Type out the lines below exactly, pictures excluded.

━━━━━━━━━━━━━━━━━━━━

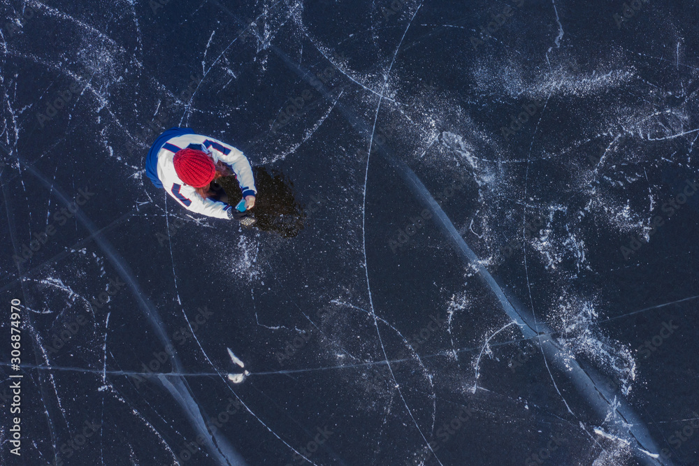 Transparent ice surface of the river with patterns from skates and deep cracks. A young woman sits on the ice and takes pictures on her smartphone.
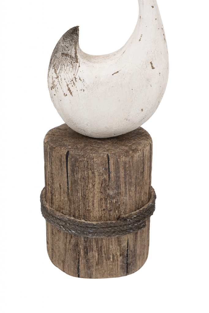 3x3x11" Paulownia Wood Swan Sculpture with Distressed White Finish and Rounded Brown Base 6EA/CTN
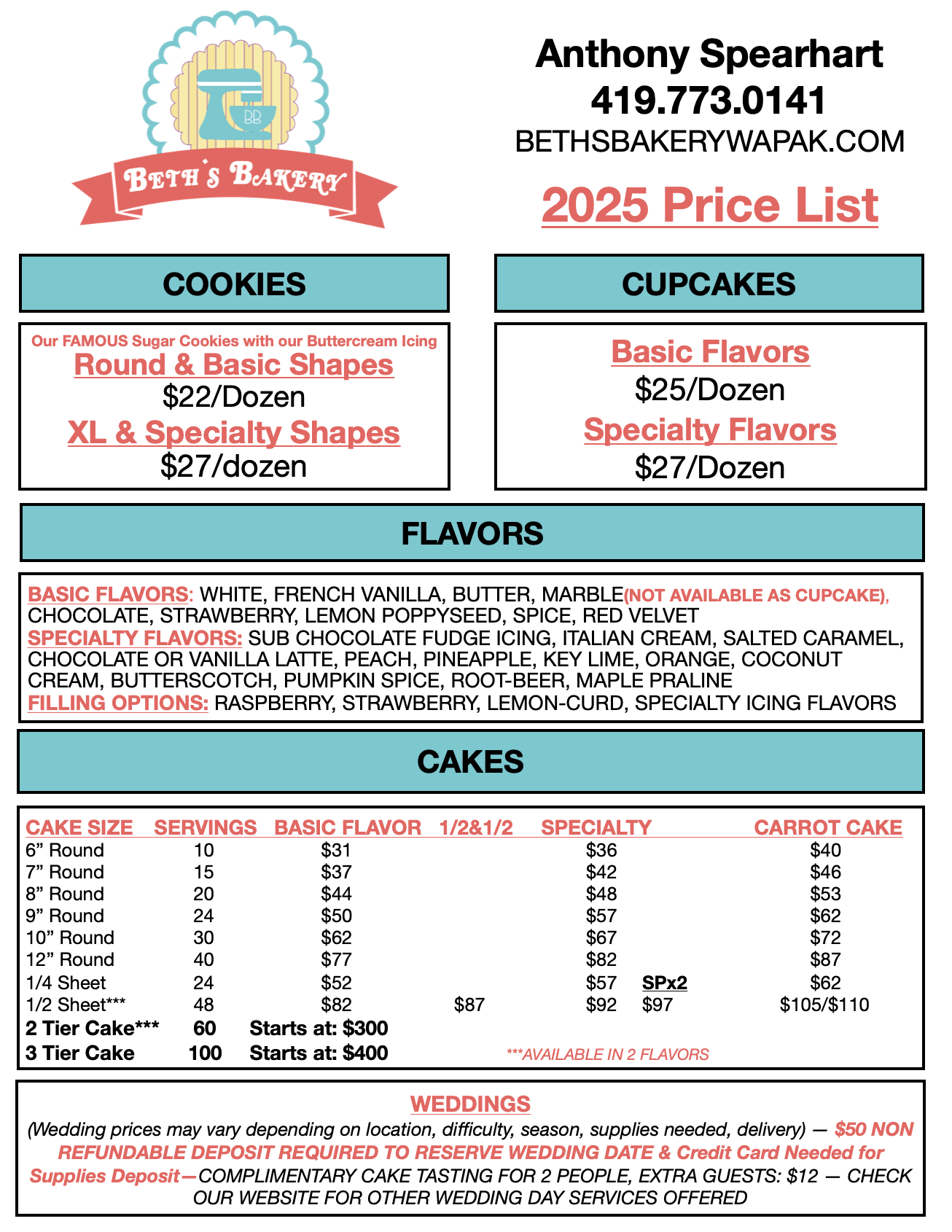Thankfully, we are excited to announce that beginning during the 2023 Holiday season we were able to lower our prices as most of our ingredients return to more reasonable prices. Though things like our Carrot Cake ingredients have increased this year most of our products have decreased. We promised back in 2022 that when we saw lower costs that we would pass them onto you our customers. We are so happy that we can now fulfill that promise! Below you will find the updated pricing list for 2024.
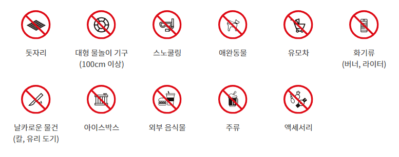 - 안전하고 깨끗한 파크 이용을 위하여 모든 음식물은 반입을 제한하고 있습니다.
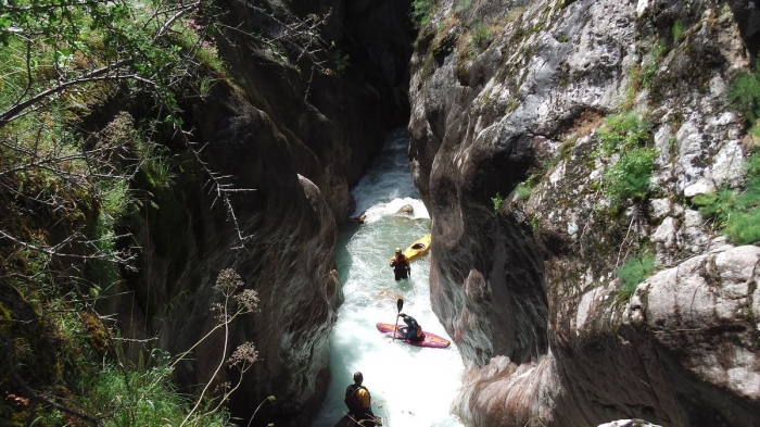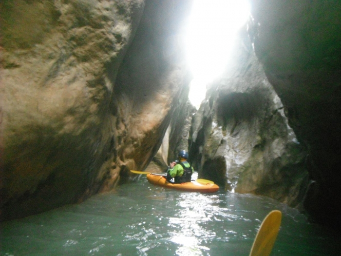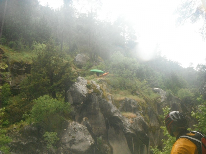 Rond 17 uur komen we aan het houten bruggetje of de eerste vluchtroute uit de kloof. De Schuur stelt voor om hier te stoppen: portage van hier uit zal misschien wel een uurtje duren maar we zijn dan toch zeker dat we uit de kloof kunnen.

━━━━━━━━━━━━━━━━━━━━

ANSWER BOX:
 Transparent ice surface of the river with patterns from skates and deep cracks. A young woman sits on the ice and takes pictures on her smartphone.
 3x3x11" Paulownia Wood Swan Sculpture with Distressed White Finish and Rounded Brown Base 6EA/CTN
Thankfully, we are excited to announce that beginning during the 2023 Holiday season we were able to lower our prices as most of our ingredients return to more reasonable prices. Though things like our Carrot Cake ingredients have increased this year most of our products have decreased. We promised back in 2022 that when we saw lower costs that we would pass them onto you our customers. We are so happy that we can now fulfill that promise! Below you will find the updated pricing list for 2024.
 - 안전하고 깨끗한 파크 이용을 위하여 모든 음식물은 반입을 제한하고 있습니다.
 Rond 17 uur komen we aan het houten bruggetje of de eerste vluchtroute uit de kloof. De Schuur stelt voor om hier te stoppen: portage van hier uit zal misschien wel een uurtje duren maar we zijn dan toch zeker dat we uit de kloof kunnen.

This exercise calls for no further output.